Re: [Qemu-devel] [PATCH v3] vfio: Add support for mmapping sub-page MMIO BARs

[Date Prev][Date Next][Thread Prev][Thread Next][Date Index][Thread Index]

 



On 2016/10/31 3:59, Alex Williamson wrote:

On Wed, 26 Oct 2016 16:56:13 +0800
Yongji Xie <xyjxie@xxxxxxxxxxxxxxxxxx> wrote:

Now the kernel commit 05f0c03fbac1 ("vfio-pci: Allow to mmap
sub-page MMIO BARs if the mmio page is exclusive") allows VFIO
to mmap sub-page BARs. This is the corresponding QEMU patch.
With those patches applied, we could passthrough sub-page BARs
to guest, which can help to improve IO performance for some devices.

In this patch, we expand MemoryRegions of these sub-page
MMIO BARs to PAGE_SIZE in vfio_pci_write_config(), so that
the BARs could be passed to KVM ioctl KVM_SET_USER_MEMORY_REGION
with a valid size. The expanding size will be recovered when
the base address of sub-page BAR is changed and not page aligned
any more in guest.

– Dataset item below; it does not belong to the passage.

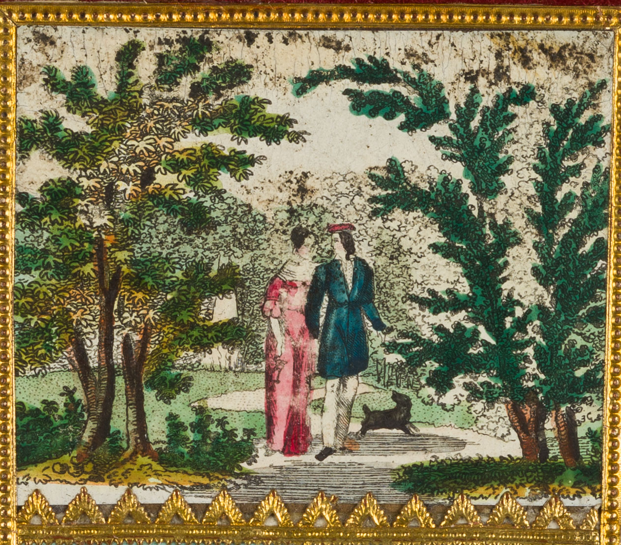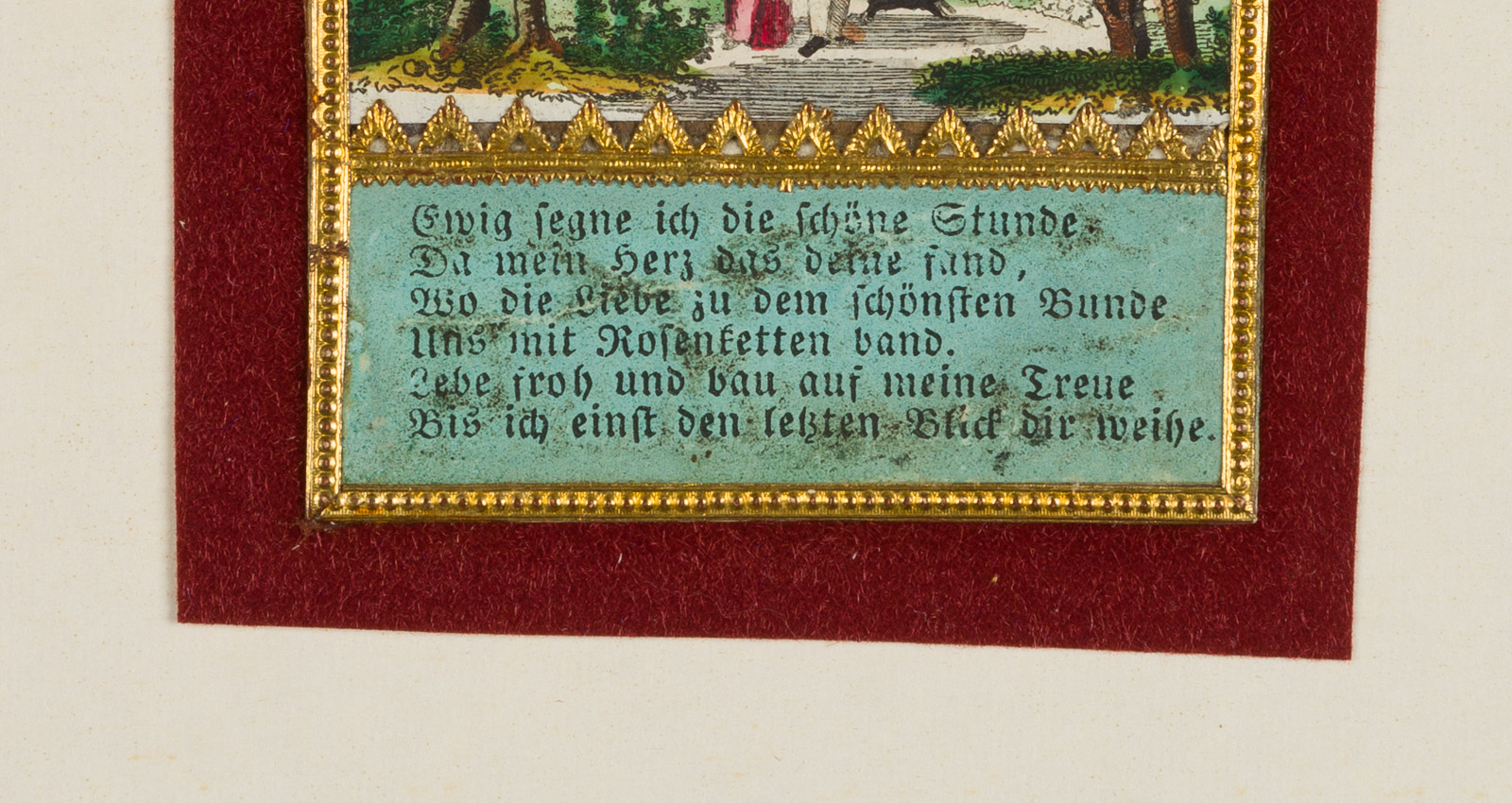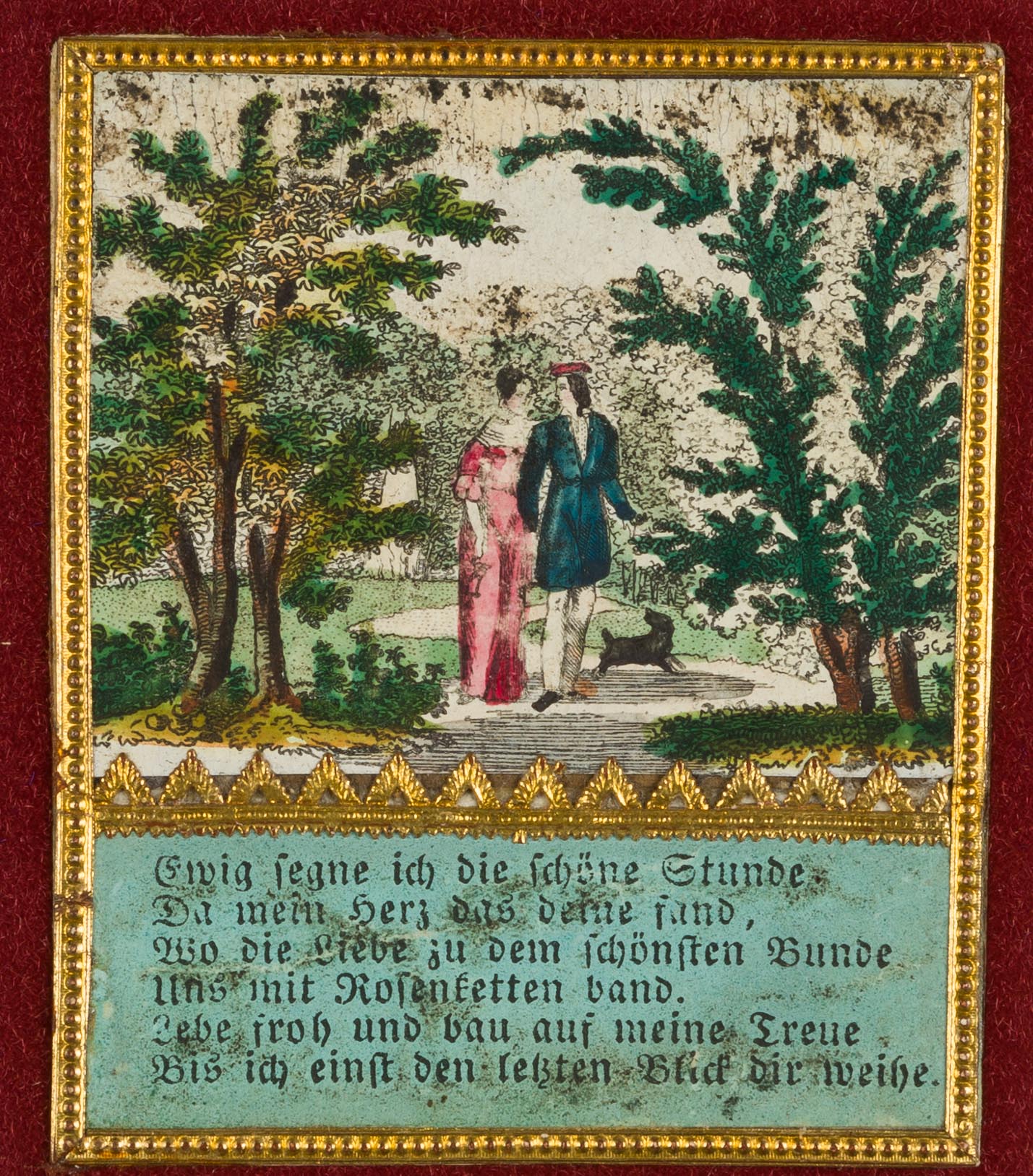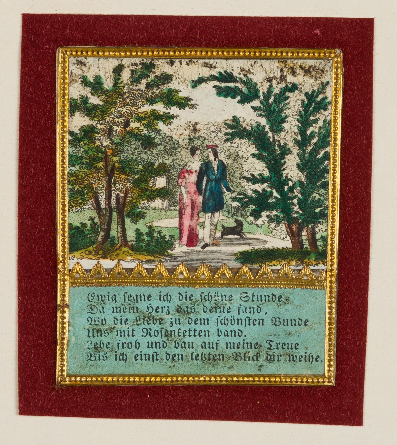 Unbekannt (19. Jahrhundert), Liebeskarte mit Segenswünschen und einem Liebespaar durch einen Park spazierend, 19. Jahrhundert, Glückwunschbillet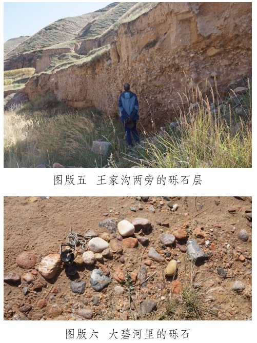 玉石山南麓有一條自東向西流過峽口鎮(zhèn)注入洮河的河——大碧河,《狄道州志》里稱為“打璧河” [12]。玉石山和山下大碧河之間有幾條溝,這些溝是上玉石山的必經(jīng)道路,也是雨水夾帶山上的石頭注入大碧河的通道。在甘肅臨洮馬家窯文化研究院李家功的引領(lǐng)下,我們對(duì)大碧河中下游和通往玉石山的三條支溝進(jìn)行了較系統(tǒng)的調(diào)查,調(diào)查方法是在訪問當(dāng)?shù)赜嘘P(guān)人員的基礎(chǔ)上,進(jìn)行野外實(shí)地考察。大碧河連接玉石山的支溝主要有三條:第一條大溝是王家溝,是玉石山和峽口鎮(zhèn)之間的通道,大雨過后附近的村民往往會(huì)在這條溝里撿到玉石。在王家溝靠近玉石山的茨泉子村,十多戶村民都拿出自己在溝中揀到的十余件山流水玉料(圖版四)供我們觀察、檢測(cè)。玉料大小不一,大者長軸約30厘米,多呈次圓狀,均有玉皮,內(nèi)部質(zhì)地多細(xì)膩,肉眼鑒定和XRF檢測(cè)結(jié)果表明,玉石主要包括黃綠色(含草花)透閃石玉、透輝透閃石玉及透閃石大理巖,另外還有螢石料。王家溝下游匯入大碧河入口段,發(fā)育三級(jí)階地,前人使用大型機(jī)械開挖二、三級(jí)階地礫石層(圖版五),據(jù)說在其中找到較多玉料,現(xiàn)政府已叫停。在階地礫石層中我們也撿到淺黃綠色透輝透閃石大理巖及半玉化的大理巖礫石,這些礫石是玉石山玉礦的近礦圍巖。王家溝匯入大碧河,因此大碧河中也可以撿到從王家溝滾落的玉石山上的玉石和其它巖石。我們?cè)诖蟊毯訊{口鎮(zhèn)段揀到較多直徑約3~5厘米來自玉石山的透閃石大理巖,巖石磨圓度高,成球狀或橢球狀,質(zhì)地較細(xì)膩。據(jù)當(dāng)?shù)厝酥v,也有人在大碧河峽口鎮(zhèn)段撿到過小塊的玉石;第二條溝是小溝——漆家溝,位于王家溝西面,雖位于玉石山正面,但鮮有聽到在溝里撿到玉石的消息;第三條溝是王家溝東面的石景峽,距離玉石山相對(duì)較遠(yuǎn),其溝腦是玉石山的東延部分?!兜业乐葜尽防镙d“打璧河,在州北三十里,源出石井峽,即打璧谷” [13]。這里的“石井峽”可能就是現(xiàn)在所說的“石景峽”,峽中腰有水冒出。但現(xiàn)在的大碧河不源于石景峽,而是源于洮河和渭河的分水嶺。石景峽雖可能是史籍上的打璧谷,且在峽里也撿到了透閃石大理巖礫石,但沒有發(fā)現(xiàn)玉石器和玉料。

And we also set the priority of these BARs'
memory regions to zero in case of overlap with BARs which share
the same page with sub-page BARs in guest.

Signed-off-by: Yongji Xie <xyjxie@xxxxxxxxxxxxxxxxxx>
---
  hw/vfio/common.c |    3 +--
  hw/vfio/pci.c    |   77 ++++++++++++++++++++++++++++++++++++++++++++++++++++++
  2 files changed, 78 insertions(+), 2 deletions(-)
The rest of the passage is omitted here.